WHAT YOU ARE ASKED TO DO:
Would you print the lines below exactly, beginning at the line that has "- VIN: 1HTWHAZR45J007984" and stopping after the line that has "At the beginning"? Only those lines, and no pictures.

THE RECORDS:
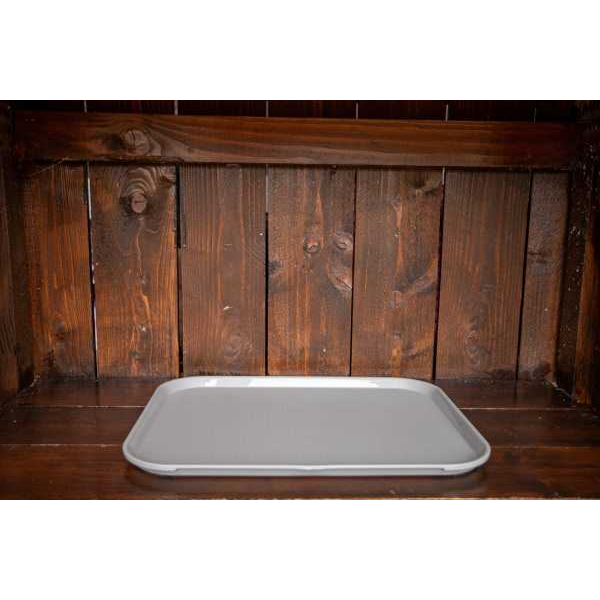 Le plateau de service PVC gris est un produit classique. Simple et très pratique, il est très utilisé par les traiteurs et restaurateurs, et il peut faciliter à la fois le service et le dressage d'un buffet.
* * *
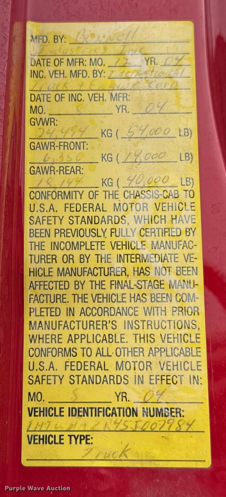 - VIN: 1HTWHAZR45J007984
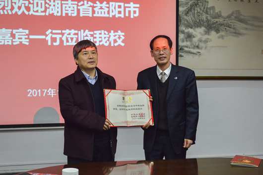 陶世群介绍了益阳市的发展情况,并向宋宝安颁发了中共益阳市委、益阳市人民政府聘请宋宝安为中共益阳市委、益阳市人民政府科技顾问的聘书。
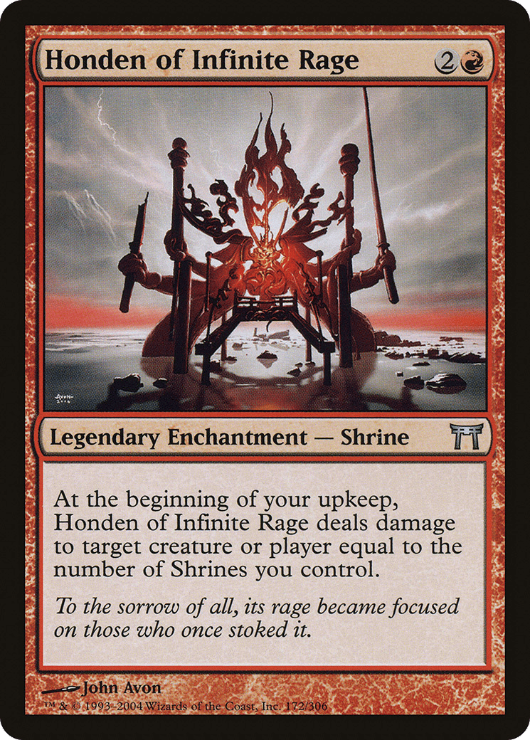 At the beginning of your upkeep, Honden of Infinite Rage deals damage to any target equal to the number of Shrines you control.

ANSWER TO THE PROBLEM:
 - VIN: 1HTWHAZR45J007984
 陶世群介绍了益阳市的发展情况,并向宋宝安颁发了中共益阳市委、益阳市人民政府聘请宋宝安为中共益阳市委、益阳市人民政府科技顾问的聘书。
 At the beginning of your upkeep, Honden of Infinite Rage deals damage to any target equal to the number of Shrines you control.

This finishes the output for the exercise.